Spike Sorting


Electrophysiologists always feel the need to reinvent the wheel so there is an average of 1 software suite per scientist. Here are some that we use.

  • Caton - backend KlustaKwik, one-shot run from original binary files
  • Mat's fancy model
  • OpenElectrophy - Chris contributed some code to this. The detection algorithm is especially classy :) This software also provides many types of data loaders and an SQL backend
  • KlustaKwik / Klusters - Gold standard of sorting.

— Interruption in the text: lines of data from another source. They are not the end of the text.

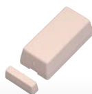
Rilevatore di contatto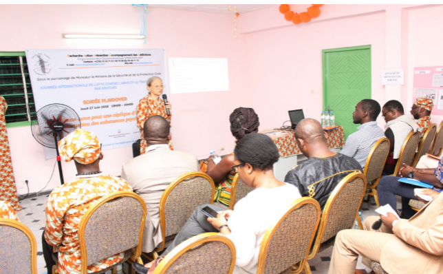
Soirée plaidoyer à l'intention des décideurs, le 27 juin 2019

En 2019, RAPAA a intensifié ses actions de plaidoyer pour :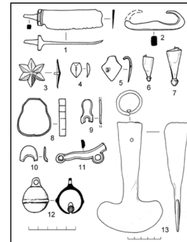
Рис. 3. Вироби з чорного (1, 2, 13) та кольорових (3-12) металів

Окремі порцелянові чаші з незначним кобальтовим розписом по білому фоні зсередини та коричневим блискучим тлом ззовні попередньо можна пов'язати із виробами західноєвропейських майстрів (діаметр вінець – 7,5 см; діаметр денця – 3,3 см; висота – 4,7 см) (рис. 2, 1). Так, аналогічні імпорти відомі серед матеріалів Самарі – Богородицької фортеці [3, с.101, табл. 9, 9]. Цікаво, що надзвичайно схожими до них за стилем оформлення є деякі напівфаянси з археологічних матеріалів Хотинського замку, що, з огляду на значно нижчу якість тіста й примітивніший розпис, можна розглядати як турецьке наслідування чи підробки західноєвропейських зразків.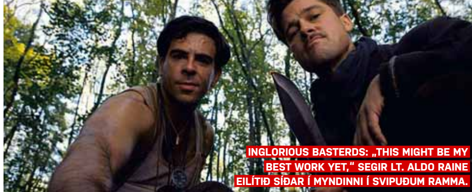
INGLORIOUS BASTERDS: „THIS MIGHT BE MY BEST WORK YET,“ SEGIR LT. ALDO RAINE EILÍTIÐ SÍÐAR Í MYNDINI Í SVIPUDUM RAMMA.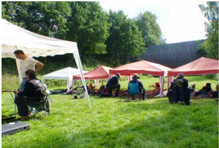
Fast wie auf dem Campingplatz.

Manchmal frage ich mich warum machen wir das alles, die Vorbereitungen die keiner sieht, die bange Frage wie das Wetter wird, haben wir an alles gedacht, alles eingepackt, mitten in der Nacht aufstehen, mit Sack und Pack 1,5 Stunden nach Hohenhorn fahren, den ganzen Tag auf den Beinen, alles wieder verstauen, auf der Hinfahrt war alles verstaut,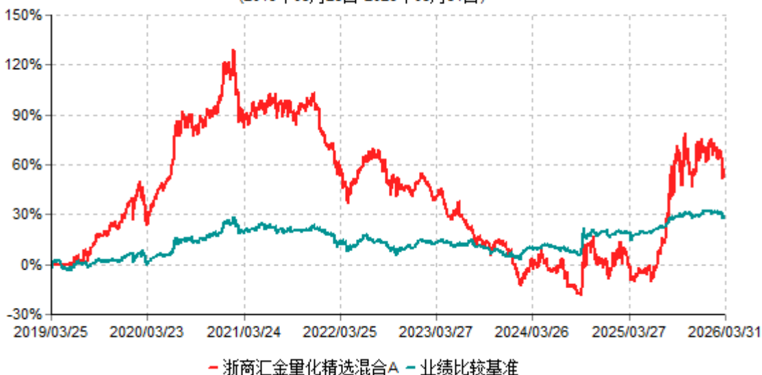
浙商汇金量化精选混合A累计净值增长率与业绩比较基准收益率历史走势对比图 (2019年03月25日-2026年03月31日)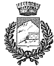
Comune di Romana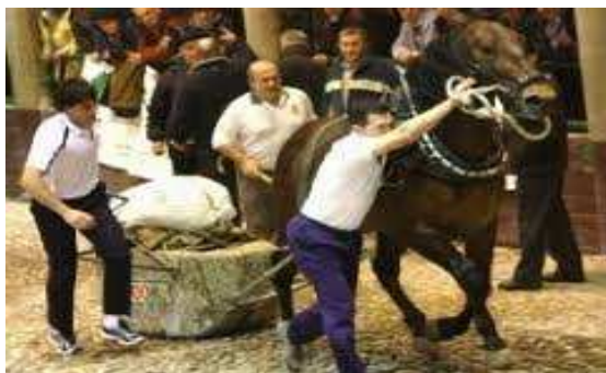
Zaldi probak Euskalherrian.

Lehen esan dugun bezela, gaur egungo gure bertako arrazako euskal zaldi-behor gehienak haragitarako ekoizten dira. Gainera ez ditugu guk jaten, izan ere gure herrian zaldi haragia jateko ohitura gutxi dago eta gehienak Balentziara edo Italiara joaten dira.

Good luck getting it installed


Here are the parameters we use for auditory data:

  • 8 features - because it's the default
  • (KlustaKwik) MinClusters, MaxClusters at 3 and 14 - because it's the default in Klusters
  • Common average referencing - This is a great way to do unsupervised artifact rejection. However certain datasets (those with very few channels, or very large neurons) will not work with this because the subtracted spikes show up. In any case you should use this only for detection, not for classification.
  • Threshold 4.5 sigma - our noise levels are low so even this many sigma is still a pretty small spike
  • Detection window of 800us - auditory data is especially sensitive to this because the MUA tends to be tightly time-locked in a small onset window. That means that spikes overlap, so you should use as narrow a window as possible.
  • 300Hz+ filtering - I've tried a bunch of random filtering algorithms including wavelets or whatever and it makes almost no difference. The general philosophy is to leave the spikes as raw as possible and let the classification algorithm take care of it.

Human Intervention: Merging and identifying good clusters

Sadly this is inevitable. Any time a human is involved your results are not replicable. At least do this blind to the experimental outcomes.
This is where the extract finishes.